SOURCE RECORDS »

----

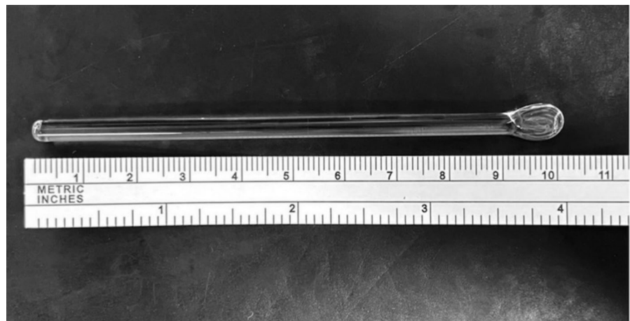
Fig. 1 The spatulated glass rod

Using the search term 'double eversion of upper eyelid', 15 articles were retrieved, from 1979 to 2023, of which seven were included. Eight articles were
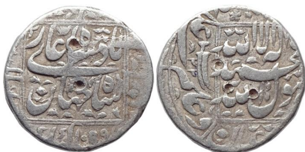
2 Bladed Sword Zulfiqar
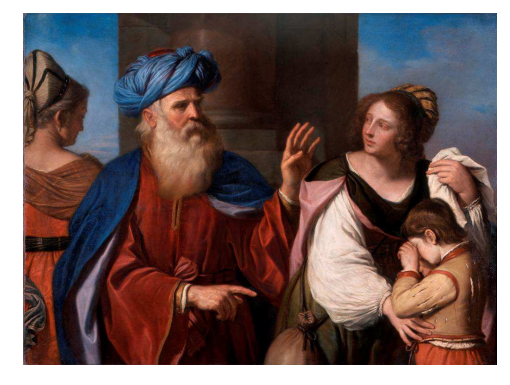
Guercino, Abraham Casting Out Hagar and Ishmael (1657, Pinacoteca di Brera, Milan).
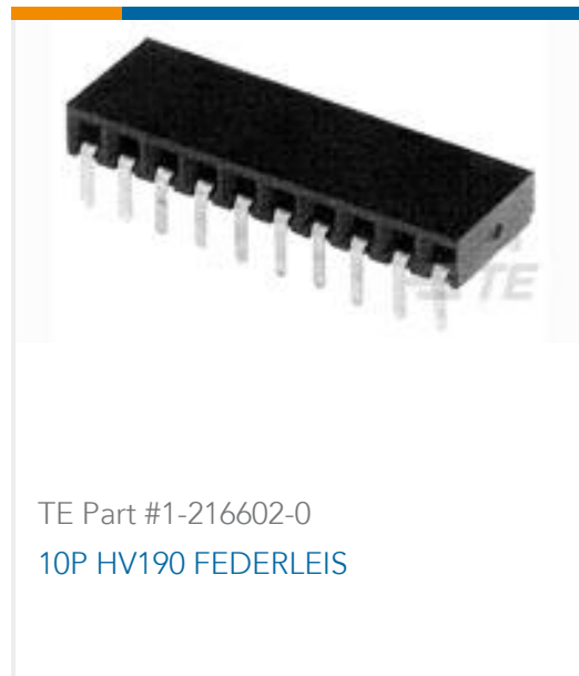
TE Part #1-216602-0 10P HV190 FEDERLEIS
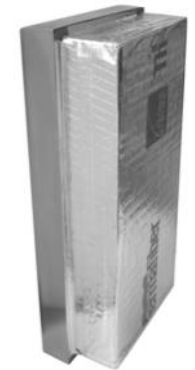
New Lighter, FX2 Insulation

----

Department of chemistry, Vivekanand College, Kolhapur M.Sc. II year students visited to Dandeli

----

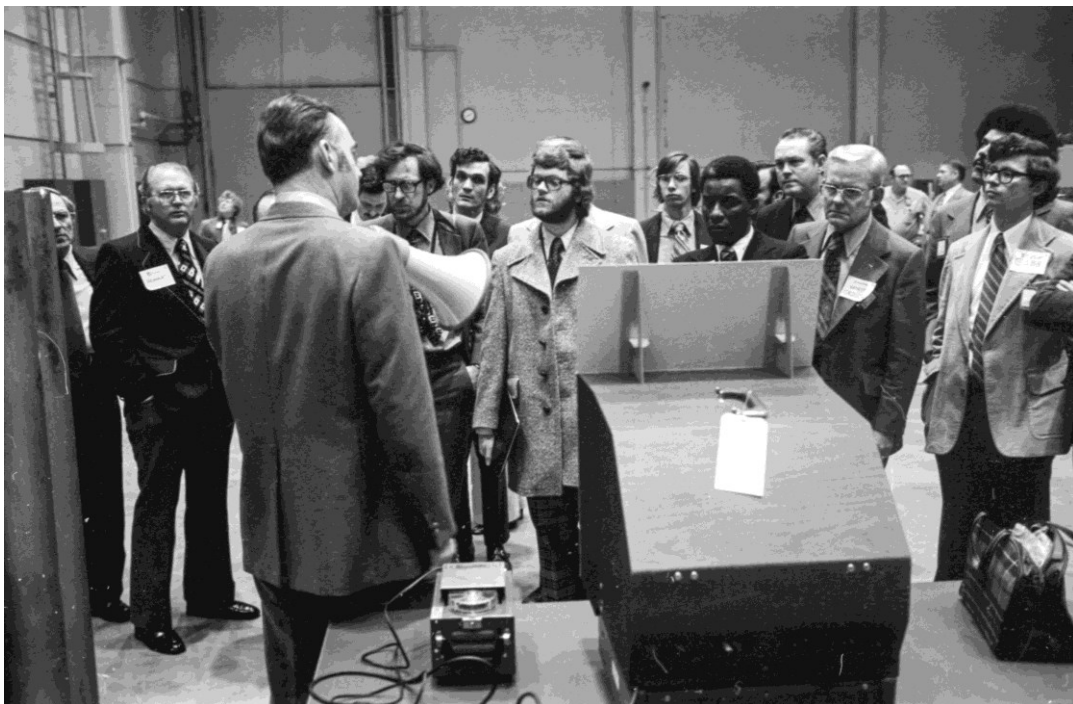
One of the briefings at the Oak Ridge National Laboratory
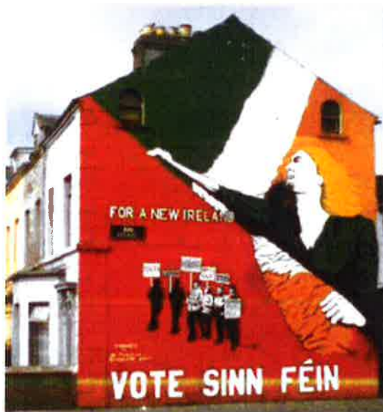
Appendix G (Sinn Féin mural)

----

PROBLEM TO WORK ON » Give back exactly the lines above from the one with "Fig. 1 The spatulated glass rod" through the one with "New Lighter, FX2 Insulation", both included. Pictures don't belong in the copy.

EXERCISE ANSWER »
Fig. 1 The spatulated glass rod

Using the search term 'double eversion of upper eyelid', 15 articles were retrieved, from 1979 to 2023, of which seven were included. Eight articles were
2 Bladed Sword Zulfiqar
Guercino, Abraham Casting Out Hagar and Ishmael (1657, Pinacoteca di Brera, Milan).
TE Part #1-216602-0 10P HV190 FEDERLEIS
New Lighter, FX2 Insulation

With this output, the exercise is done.